Also, stored messages may be assigned communication status, such as
"duplicated message", "sequential-lockout message", and "message
contains errors". A "duplicated message" status indicates that the
same message was received more than once. A "sequential-lockout
message" status indicates that the selective call receiver will not
receive and store duplicates of this message, even if it detects
the duplicate pages being transmitted. Lastly, "message contains
errors" is self explanatory. Even with some errors, certain
messages can be received and presented to the user. However, the
status information affirmatively warns the user that the particular
message contains errors.
A special type of message status is "timed activation event". This
indicates to the user that the message is associated with a timer
in the selective call receiver 200. The controller 205 may comprise
a timer module (not shown) that keeps track of the timed activation
event messages. For example, a timed activation event message may
be received and stored without alerting the user. The timed
activation event message alerts the user at some later time. This
can inhibit the selective call receiver from distrubing the user
during a specified time interval, such as during predetermined
sleeping hours. In another example, the selective call receiver 200
presents the timed activation event message at a later time via a
printer (not shown). The user gets a hardcopy printout of the
stored message after a predetermined time interval.
As seen hereinabove, status information can be assigned to the
stored messages. This status provides additional information to the
user that may be helpful in distinguishing messages and keeping
track of messages.
The message re-sequencer 230 maintains the chronological order of
the stored messages, and it also organizes the stored messages by
status information. However, the message re-sequencer 230
preferably performs the organization by status on certain events.

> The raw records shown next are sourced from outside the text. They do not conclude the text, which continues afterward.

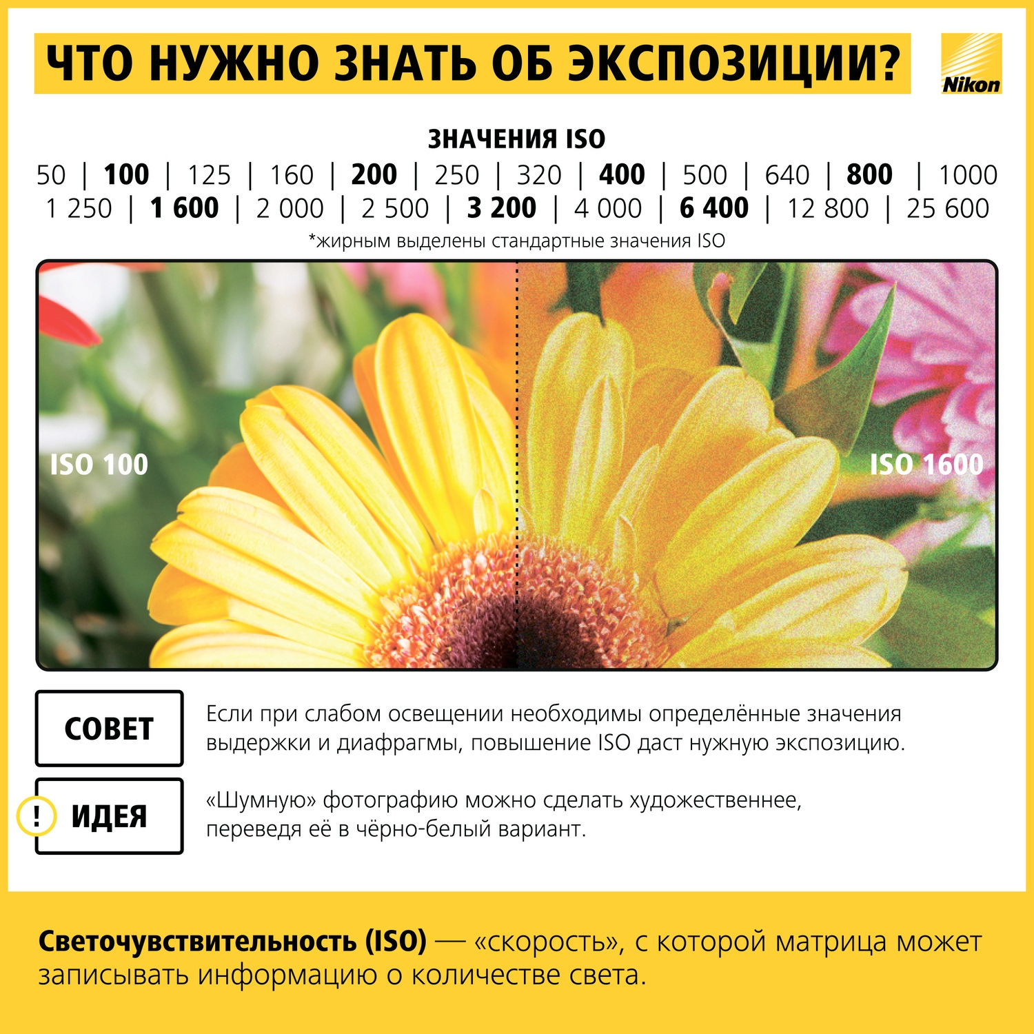 Так что не используйте ISO 3200 или 6400, если вы не хотите, чтобы фотография была с большим количеством «цифрового шума».
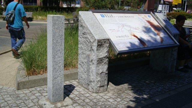 大坂を登った先で、不動坂で分かれたもう一方の国道1号線と一緒になります。片車線が昔の道らしく、道路の中央に松並木が続いています。でも、大型トラックがひっきりなしに走っていますので、排気ガスで空気は最悪です。環状4号線と交差する原宿には日本橋から11番目の一里塚跡があります。吹上の一里塚とも呼ばれましたが、取り壊されて現在では残っていません。
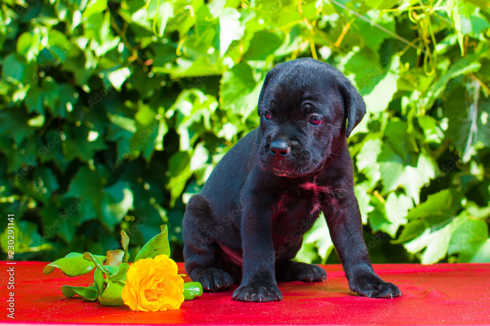 black puppy of breed CORSOGEN ADVOKATO. on the table posing
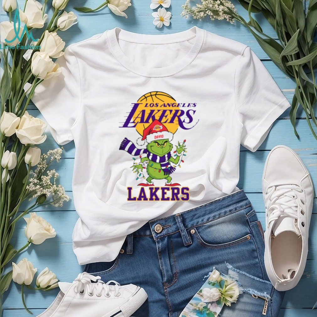Personalized Lakers Christmas Shirt, Grinch Santa Hat Holiday Tee with Lights Scarf, Cute NBA Basketball Gift for Fans

For example, upon a user turing off the selective call receiver
200, a shut-down sequence can invoke the message re-sequencer 230
to organize the stored messages by status categories and by
chronological order. Additionally, the message re-sequencer 230
deletes the lowest priority stored messages, having the status of
"read message", and updates the "older" stored messages
accordingly. This cleans up and organizes the messages that are
presented to a user. The selective call receiver presents only the
"important" stored messages to the user, organized by status
categories and in chronological order. In an alternative example, a
user input, such as pressing a button or switch, can also similarly
invoke the message re-sequencer 230 as discussed above. This allows
the user to reorganize the presentation of stored messages as
necessary. Other events may also trigger the message re-sequencing
operation, such as receiving a new page. Therefore, the stored
messages can be organized by status and by chronological order and
presented to the user in such a fashion, as will be more fully
discussed below.
Referring to FIGS. 3A, 3B, and 3C, different views of the display
208 of the selective call receiver 200 are shown, according to an
embodiment of the present invention. An exemplary display screen
300 shows twelve message indicator positions for twelve message
storage slots. Icons also convey status information, such as a lock
302 to indicate a protected message and a clock 304 to indicate a
time activation event message. The display screen 300 typically
indicates chronological order from left to right. However, as the
user deletes messages and as new messages are stored, such as shown
by the unread message indicator 310, the chronological order can be
corrupted, as shown in FIG. 3B. The new message is stored in the
next available message storage slot.
When the user enters a user input, via the user input controls 209,
the stored messages and the corresponding message indicators on the
display screen 300 are re-organized by status and re-sequenced by
chronological order, as shown in FIG. 3C. The status categories in
this example include from highest priority to lowest priority:
"protected message", "timed activation event message", "unread
message", and "read message". The protected messages 312 are
organized at the left-most positions on the display screen 300. The
timed activation event message follows the protected messages 312.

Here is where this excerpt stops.